Vectors of same length, perpendicularity

Question

How to algebraically show that if two vectors i.e. $\vec a$ and $\vec b$ have the same length then $\vec a+\vec b$ vector is perpendicular to $\vec a-\vec b$?
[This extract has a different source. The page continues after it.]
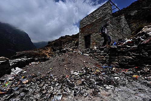 从远处看,珠穆朗玛峰白雪皑皑,巍峨壮丽,可环保人士都知道,那里覆盖着数量巨大的各种垃圾。(新华社)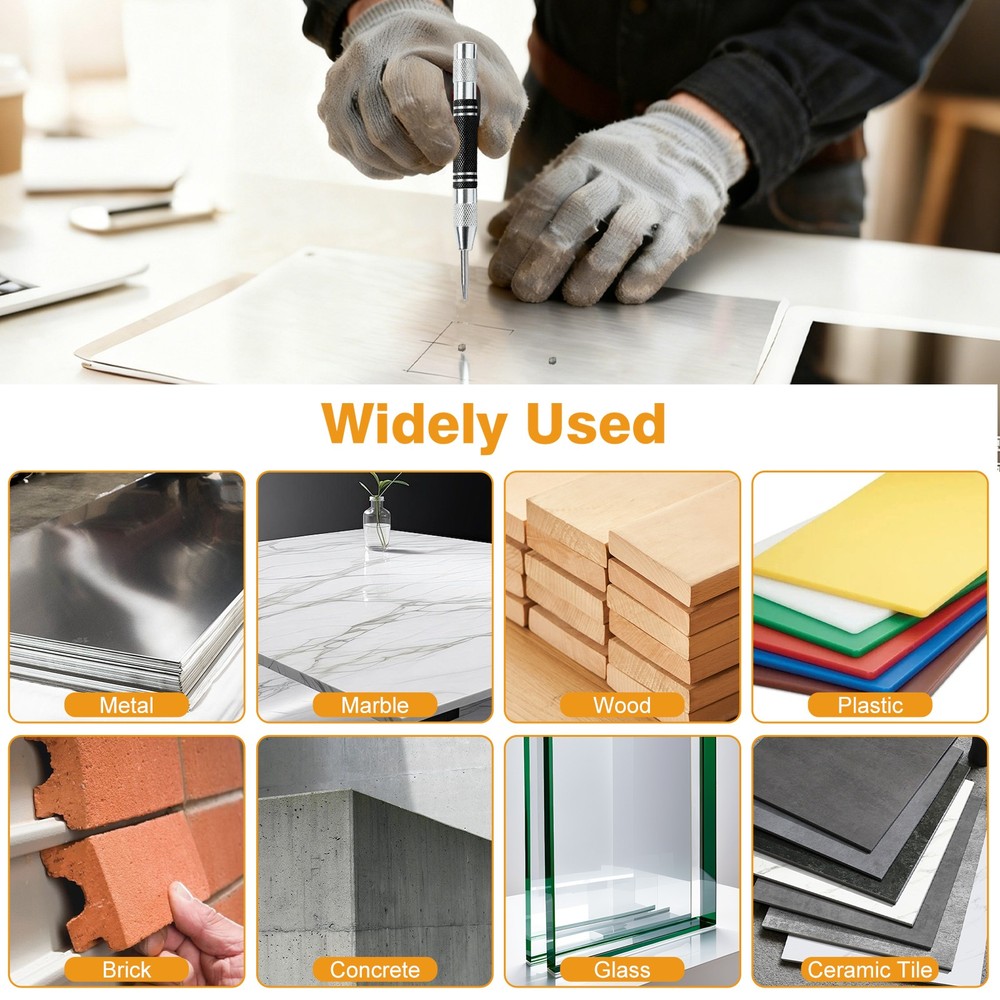 Product Description This 3pcs Automatic Center Punch Set is designed for precise marking, drilling, and metalworking applications. Each punch features an adjustable spring-loaded mechanism, allowing you to create accurate indentation points without using a hammer. Made of premium alloy tungsten steel, these spring loaded punches deliver excellent hardness, wear resistance, and durability for long-term use. The metal center punch tool with ergonomic knurled grip provides superior control and comfort, ensuring steady operation even during heavy-duty tasks. Ideal for metal, wood, plastic, leather, and glass, this universal punch set is a must-have tool for machinists, carpenters, engineers, and DIY enthusiasts. Product Feature 💥 Adjustable Spring Tension: The metal center punch tool built-in spring mechanism allows you to control the striking force— ideal for various materials and depths . 🔩 High-Strength Tungsten Steel Tip: Automatic center punch with hardened tip ensures sharp and consistent marking performance, resistant to wear and impact. 🎯 Anti-Slip Knurled Grip: Spring Loaded Metal Drill Tool with precision-machined handle design provides comfortable, firm control for accurate positioning. 🚀 Easy One-Hand Operation: The metal wood drill hole marking tool is no hammer needed — simply press down to activate the spring and make a perfect center mark. 🛠️ Versatile Application: Adjustable center punch set is suitable for drilling, metalworking, woodworking, glass marking, and layout work. 🧰 3-Piece Drill Hole Marking Tool Set: Includes three different styles for various marking needs—ideal for professionals and hobbyists. Product Specification Type Automatic Center Punch Color Black / Brass / Brass with Red Cap Mechanism Adjustable Spring-Loaded Operation Mode One-Hand Press Action (No Hammer Needed) Material Alloy Tungsten Steel + Metal Handle Use For Metal, Wood, Plastic, Glass, Leather Function Marking, Center Punching, Drilling Positioning Features Adjustable Tension, Anti-Slip Grip, High Precision, Heavy Duty, Wear-Resistant Application Metalworking, Woodworking, DIY Projects, Engineering, Crafting Package Included 🎁3 × Automatic Center Punch Tools Location Descriptions To improve your buying experience and ensure fast delivery, Your order will be shipped from the warehouse located in either new jersey or california that is closest to your address. If you have any questions, Please contact us. Thank you for your support ! On Oct 17, 2025 at 07:24:26 PDT, seller added the following information:

I get this graphically but cannot put it algebraically.

Answer 1

For vectors $a$ and $b$ to have the same length means that $\langle a,a\rangle=\langle b,b\rangle$. Now use bilinearity of the scalar product: $$\langle a+b,a-b\rangle=\langle a,a\rangle-\langle a,b\rangle+\langle b,a\rangle-\langle b,b\rangle=0$$.

Answer 2

If $\vec{a}+\vec{b}$ and $\vec{a}-\vec{b}$ are perpendicular, then $(\vec{a}+\vec{b}) \cdot (\vec{a}-\vec{b})=0$. You can desenvolve that to conclude $|\vec{a}|=|\vec{b}|$.

Answer 3

Let $V$ be a real inner product space and $a, b\in V$ with $\|a\|=\|b\|$. Then \begin{align} \langle a+b, a-b\rangle &= \langle a,a\rangle -\langle a,b\rangle +\langle b,a\rangle -\langle b,b\rangle\\ &= \|a\| - 0 - \|b\|\\ &= 0. \end{align} It follows that $a\perp b$.

Answer 4

Hint: You may use

(1) $(\vec{a}+\vec{b})\cdot(\vec{a}+\vec{b})=0$

(2) for any vector $\vec{v}$, $|\vec{v}|^2=\vec{v}\cdot\vec{v}$

Answer 5

Consider \begin{align} (\mathbf{a}+\mathbf{b})\cdot (\mathbf{a}-\mathbf{b}) &= \mathbf{a}\cdot (\mathbf{a}-\mathbf{b}) + \mathbf{b}\cdot (\mathbf{a}-\mathbf{b})\\ &= \mathbf{a}\cdot \mathbf{a} - \mathbf{a}\cdot \mathbf{b} + \mathbf{b}\cdot \mathbf{a} - \mathbf{b}\cdot \mathbf{b}\\ &= \mathbf{a}\cdot \mathbf{a} - \mathbf{a}\cdot \mathbf{b} + \mathbf{a}\cdot \mathbf{b} - \mathbf{b}\cdot \mathbf{b}\\ &= \mathbf{a}\cdot \mathbf{a} - \mathbf{b}\cdot \mathbf{b} \end{align}

which we get from bilinearity and symmetry of the inner product (for a real vector space, similar for complex spaces). But $\lVert \mathbf{a} \rVert = \lVert \mathbf{b} \rVert$ implies $\mathbf{a}\cdot \mathbf{a} = \mathbf{b}\cdot \mathbf{b}$ and thus

$$ (\mathbf{a}+\mathbf{b})\cdot (\mathbf{a}-\mathbf{b}) = 0 \, \text{,} $$ so the vectors $\mathbf{a}+\mathbf{b}$ and $\mathbf{a}-\mathbf{b}$ are perpendicular (orthogonal).